WNO tours the ‘other’ Tchaikowsky’s previously unseen Shakespeare opera
'Alas, poor André Tchaikowsky…' So might David Tennant have said when his Hamlet held Yorick's skull aloft. The Polish pianist bequeathed his bonce to the RSC after his death, a gesture that has secured a measure of posthumous fame for the man born Robert Andrzej Krauthammer. A child survivor of the Warsaw Ghetto who changed his name in order to hide his Jewish origins, he was a passionate admirer of Shakespeare.
But if he's only remembered for a bone it will be an injustice. His keyboard career was steady, if not stellar, with regular UK appearances in concert and on BBC Radio 3. In addition, albeit at a lower profile, he composed. That, he would say, was his true calling, but the world didn't agree. Nevertheless, in 1978 Tchaikowsky wrote—on spec—an operatic setting of The Merchant of Venice that has languished unperformed since his death.
Shakespeare's play seems to have obsessed this depressive, gay, Jewish outsider who never felt entirely validated by his peers. And the opera, first performed at the Bregenz Festival three years ago and now receiving its UK premiere in Keith Warner's Welsh National Opera production, overflows with conviction and ferocity.

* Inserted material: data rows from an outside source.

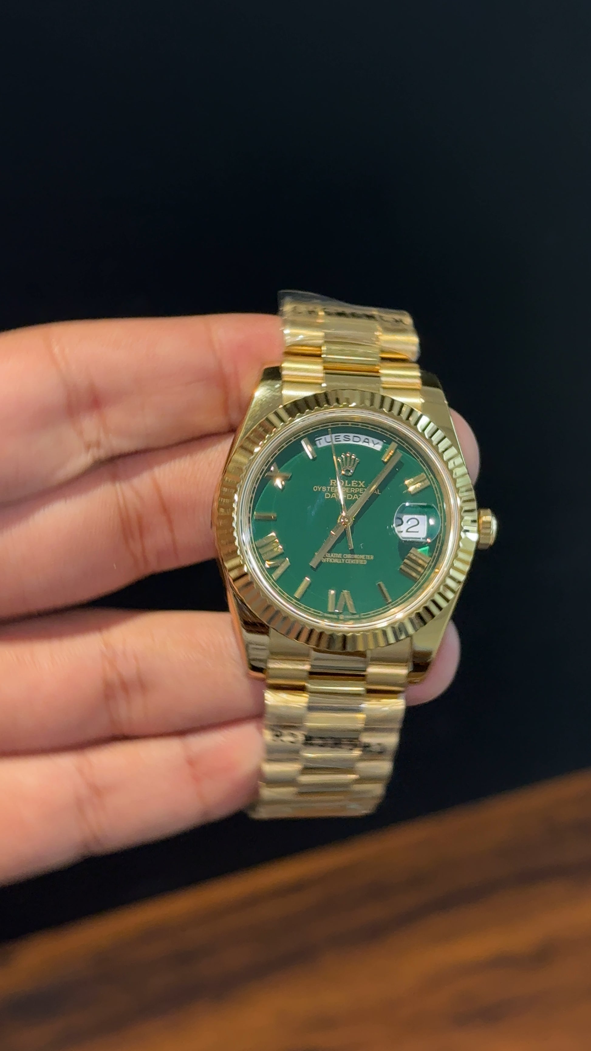 Premium DayDate |Gold Chain | Dark Green Dial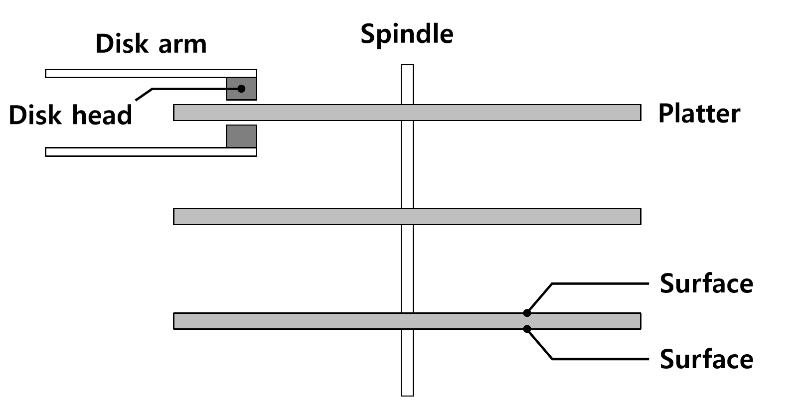 현대 디스크의 주요 요소들을 이해해 보자. 먼저 플래터(platter)라는 것을 살펴보자. 원형의 딱딱한 표면을 갖고 있는 플래터에 자기적 성질을 변형하여 데이터를 지속시킨다. 디스크는 하나 또는 그 이상의 플레터를 가지고 있으며 각각은 2개의 표면(surface)을 가지고 있다. 이런 플래터는 대체적으로 단단한 물질로 만들어지며 드라이브의 전원이 나가도 비트를 드라이브에 영구적으로 저장하기 위해 얇은 자성층이 입혀져 있다.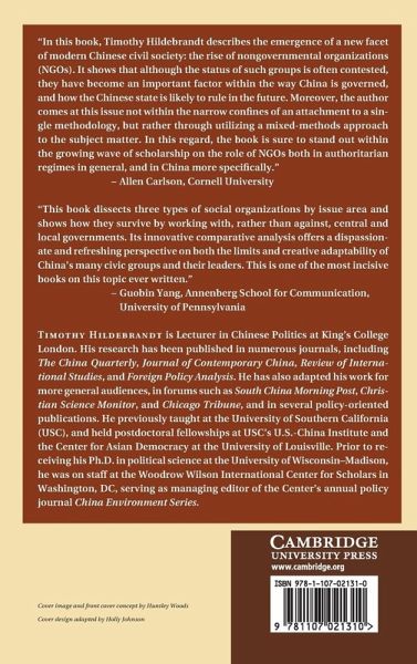 Received wisdom suggests that social organizations (such as non-government organizations, NGOs) have the power to upend the political status quo. However, in many authoritarian contexts, such as China, NGO emergence has not resulted in this expected regime change. In this book, Timothy Hildebrandt shows how NGOs adapt to the changing interests of central and local governments, working in service of the state to address social problems. In doing so, the nature of NGO emergence in China effectively strengthens the state, rather than weakens it. This book offers a groundbreaking comparative analysis of Chinese social organizations across the country in three different issue areas: environmental protection, HIV/AIDS prevention, and gay and lesbian rights. It suggests a new way of thinking about state-society relations in authoritarian countries, one that is distinctly co-dependent in nature: governments require the assistance of NGOs to govern while NGOs need governments to extend political, economic and personal opportunities to exist.
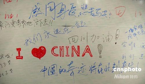 圖:觀眾在汶川抗震救災(zāi)紀(jì)實圖片展留言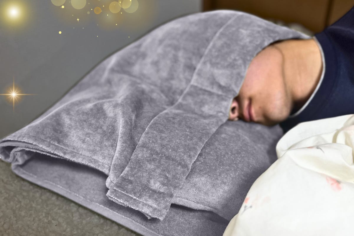 新生活にピッタリ!今治産タオル生地を使用し、ビロードのような感触と、ブラインドのように手で下げ下ろすアイカバーで日々の眠りを心地よく導く枕カバーをご提案します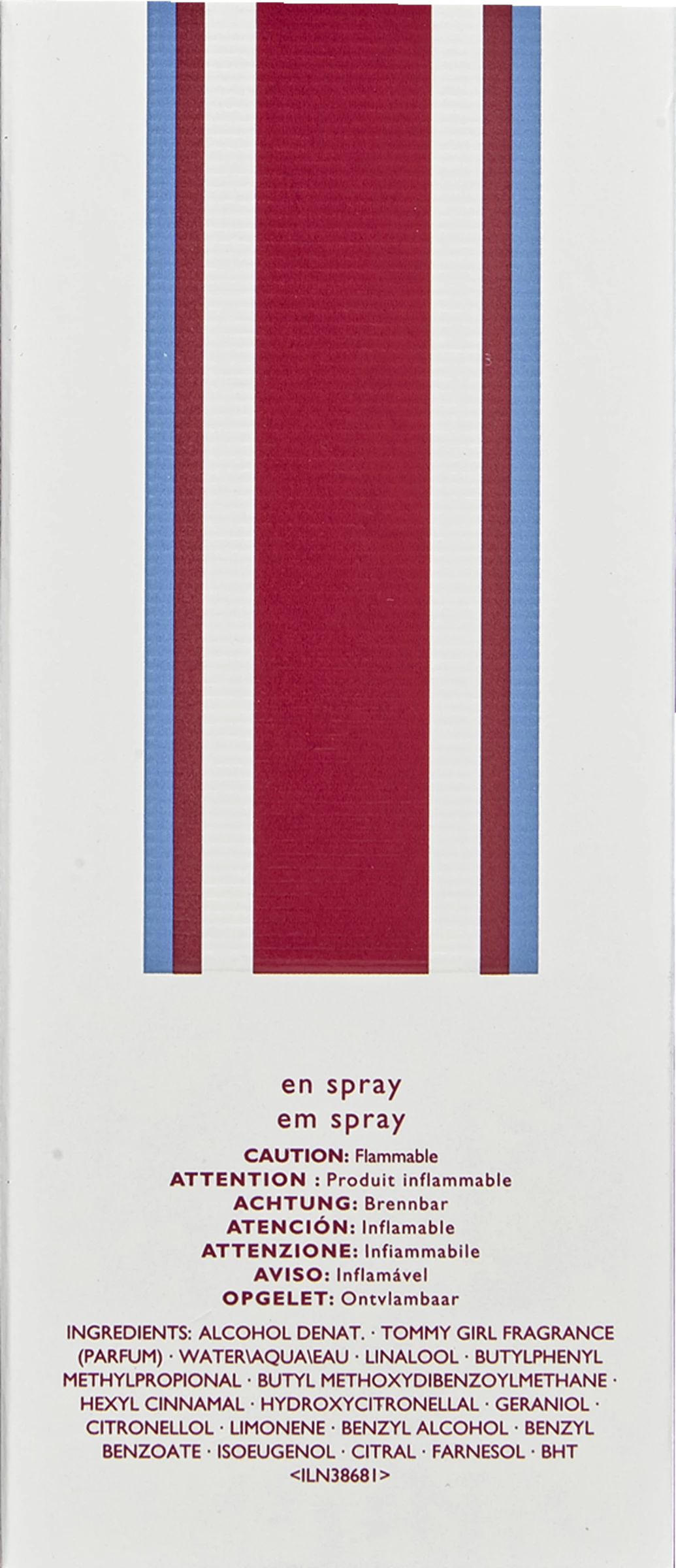 Alcohol Denat., Fragrance (Parfum), WaterAquaEau, Linalool, Hydroxycitronellal, Geraniol, Citronellol, Limonene, Benzyl Alcohol, Hexyl Cinnamal, Isoeugenol, Benzyl Benzoate, Citral, Butyl Methoxydibenzoylmethane, Bht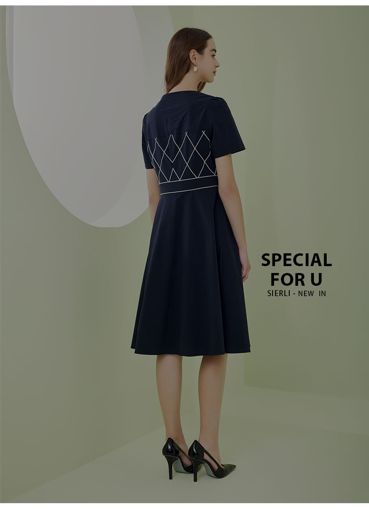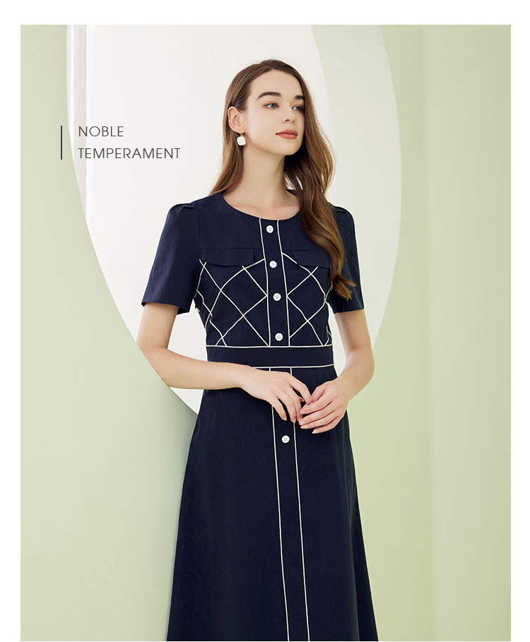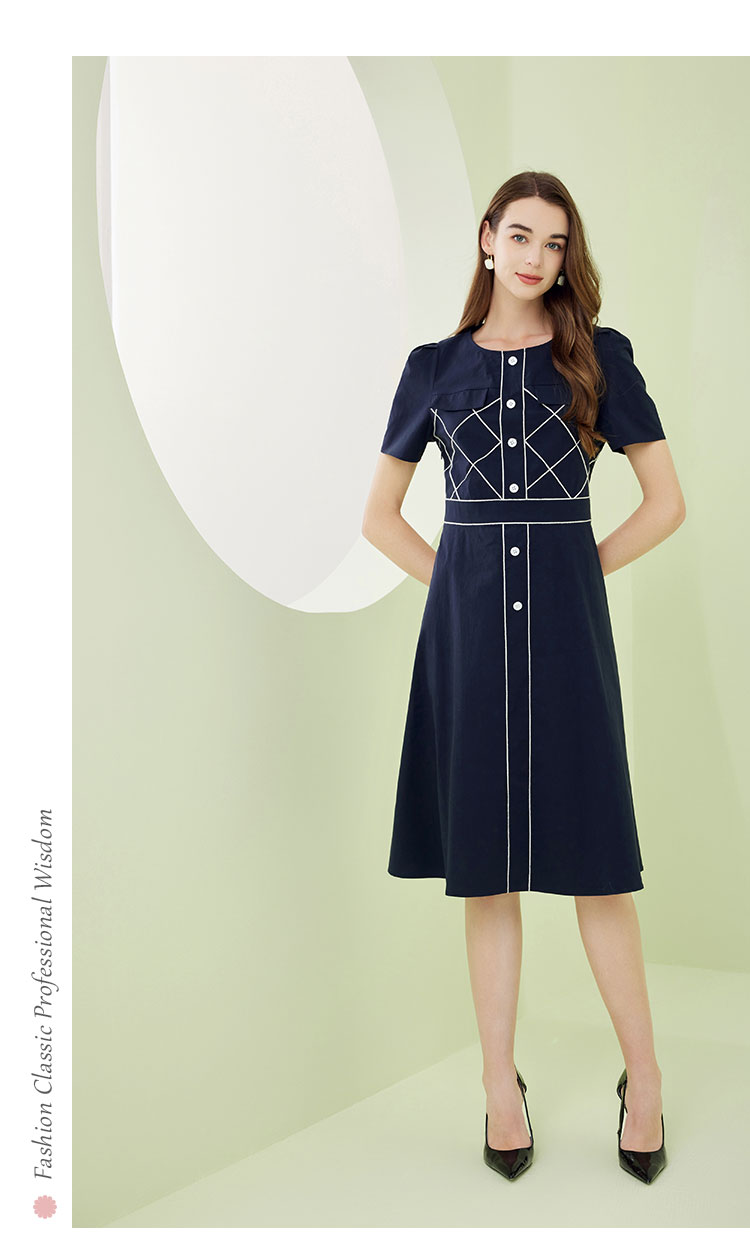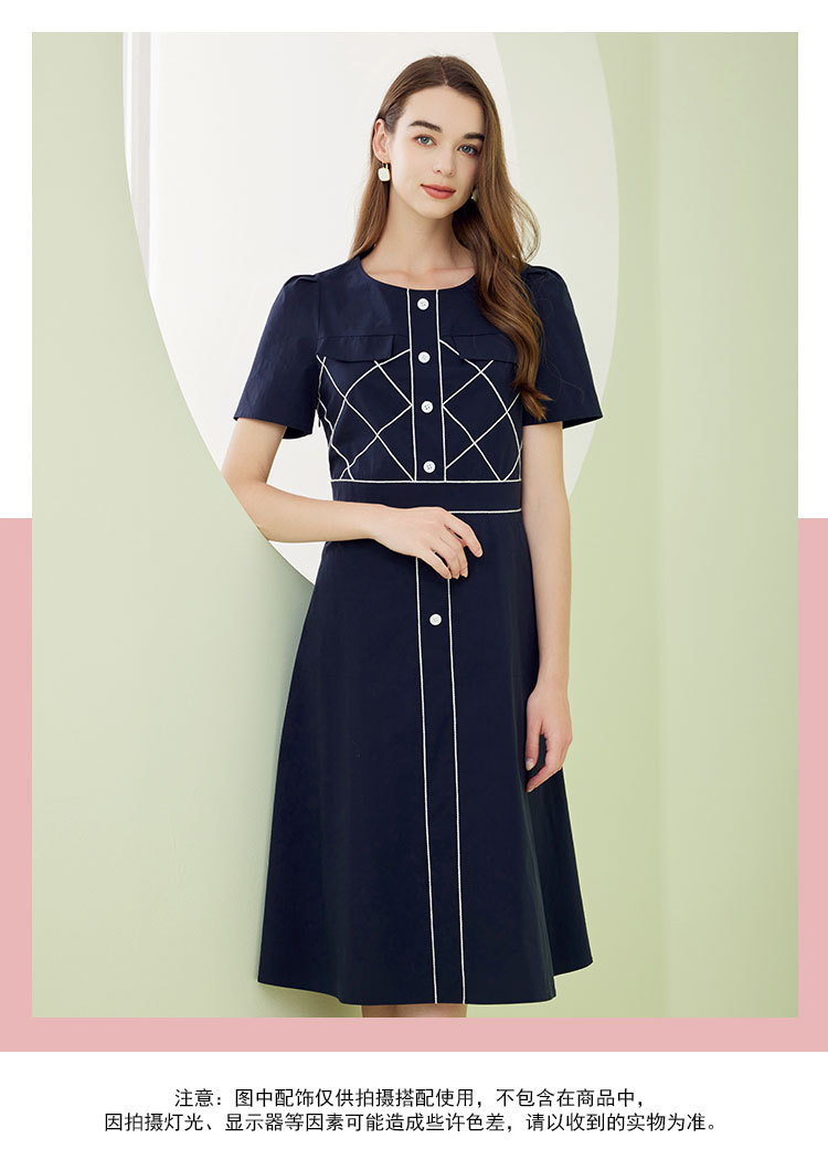 QF87D斯尔丽瑟俪2023夏季新款圆领门襟撞色绣花单排装饰扣收腰连衣裙

But though composing it will have been cathartic for Tchaikowsky, as a transposition from one art form to another it never quite justifies its existence.
John O'Brien's libretto must share the blame. He has been way too cautious in filleting the original play: his expository first act lacks rigour and the two Belmont sequences, Shakespeare's oases of calm and good order, ramble on and on.
Lyricism is only an occasional visitor
Thankfully, Warner's production does a commendable job of reclaiming the drama. Amid fluid, semi-abstract safety-deposit-box designs by Ashley Martin-Davis he injects creative ideas wherever the over-obvious Tchaikowsky fails to provide them. They don't all work, and some are misjudged (as when Portia freely hands Antonio over to Shylock's knife before she's thought of a way to save him), but the best of his production is thoughtful and reflects the composer's sympathetic view of Shylock, not least in the viciousness of his courtroom abasement.
The American baritone Lester Lynch is vocally magnetic in this difficult role, and his engagement in the taunting scene (heralded by a thrilling passage of orchestration) is the work of a skilled actor.
He is efficiently partnered by Mark Le Brocq as Bassanio, David Stout as Gratiano and Bruce Sledge as Lorenzo; but alas for the hapless Antonio, Tchaikowsky seems to have underestimated the craft of writing for the countertenor voice and Martin Wölfel was swamped by Lionel Friend's WNO Orchestra (which, at the Hippodrome, plays at eye level rather than from a pit).
Sarah Castle is a decisive and vocally characterful Portia (although not even she can rescue the exasperating epilogue from tedium), as are Verena Gunz and Lauren Michelle as Nerissa and Jessica.
The Merchant of Venice is an opera whose composer seems more in love with the subject matter than the voices who deliver it. Lyricism is only an occasional visitor (although his setting of Portia's "The quality of mercy" speech is moving) and melody, on the few occasions when it surfaces, is uninspired. The orchestration, though, is confident, colourful and often dramatic. If Tchaikowsky had survived long enough to refine his trade, who knows what he might have achieved.
The Merchant of Venice tours to Oxford, Southampton, Birmingham and Llandudno until 22 November. It will play at the Royal Opera House, Covent Garden, on 19 and 20 July 2017.